Food has scared me for decades. I cannot be trusted with it; if I go into a grocery store for eggs and veggies, I walk out with ice cream and chips. If I cut carbs for one day, I binge for three. And there is always the worry that I’ll end up purging.
Francesca doesn’t get that eating to gain muscle is not possible for an eating disordered person. What she’s asking is impossible. To eat five times a day, every three hours. To consume triple digits in carbs and keep them down. To sit with my belly full of food and not panic even though the food is whole, clean, organic.
Would you put an addict in a dope house? An alcoholic in a bar?
I don’t push back because I’d feel too exposed around Francesca. I’m vigilant about hiding my means of coping. Decades of deprivation, purging, and erratic nutrition have hardwired my body to cling to calories for dear life and turn them into fat.
I’m what you call “skinny-fat”—I appear to be thin but am actually carrying a high percentage of body fat with a low amount of muscle mass. Being over forty means more muscle loss, although it’s not inevitable—strength training will change your body composition. You’ve got to lift, bro. But the “bulking” required to put on muscle sounds horrifying. Consuming surplus calories to gain muscle and strength, with the potential of gaining fat? What am I, a draft horse?

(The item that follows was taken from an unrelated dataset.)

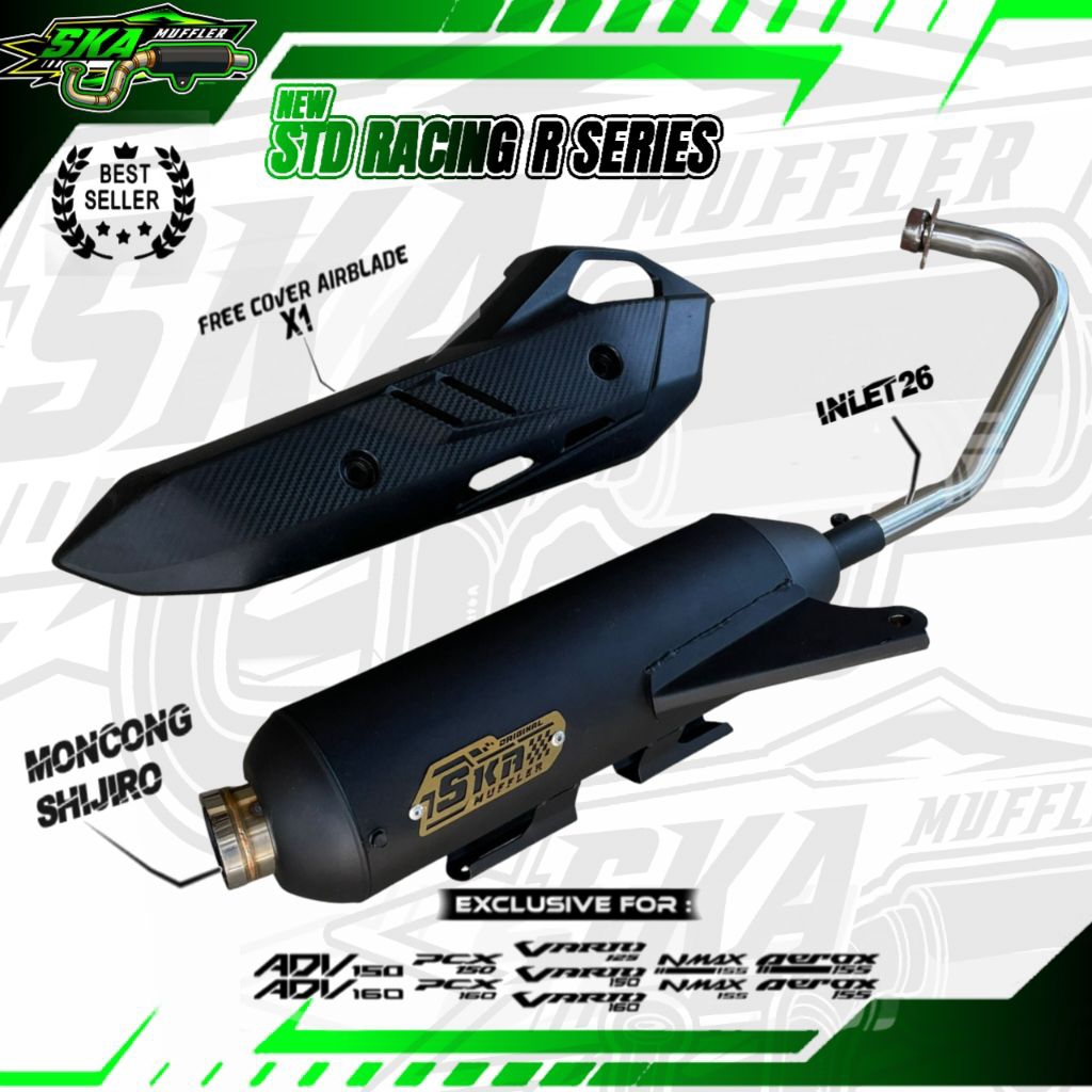 KNALPOT STANDAR RACING SHIJIRO SARINGAN SETENGAH FULL BORBORAN ORIGINAL SKA MUFFLER TABUNG VARIO MONCONG INLET 26 RATA

But my body begins doing the unexpected. It is taking all of this food, all of these calories and carbs and nutrients, and…I don’t know, using them? Before when I ate half as much, the food was…random. Not strategic, or whatever this is. Food was about dulling my feelings or rebelling against my hell-bent deprivation. Now it’s what I’m supposed to say yes to.
Yes is scary. It is not numbing myself with drugs, food, alcohol, and men. It is about becoming more of myself, not disappearing myself. My reluctant yeses and my fledgling self-care begin to send the message that maybe I deserve it.
All this eating and training and feeling and writing…I feel myself waking up. Becoming dimensional. Since I was twenty my identity has been that of a model. A privilege, but also a mindfuck. As a model, you are a product and you are sexualized and you are expected to deliver. It’s not personal, but you cannot help but make it so: it’s you who is getting admired or rejected.
Now my self-concept is expanding to include my personhood, with its layers and messiness, its traumatic beliefs from the past. Philosopher Annette Baier called the skills and abilities of being human the “essential arts of personhood,” which I hope I’m starting to get the hang of.
As if that weren’t enough, I am weightlifting three times a week, and training for roller derby three times a week. I revolve my life around the bursts of energy needed and earn a bone-deep tiredness. I try not to think about how this will affect my career.
But it turns out that skating and lifting and living makes me more bookable as a model, not less. Despite my bruises, despite over-forty models with more magazine covers than me and a bigger name than mine. I’m leaner, more at home in myself, and give fewer fucks about how I’m perceived on set. Photographers and designers respond to that. While it’s affirming, and I need the money, I don’t just want to be a prop on a set.
For the first time I sense my body as a living being, not just an object.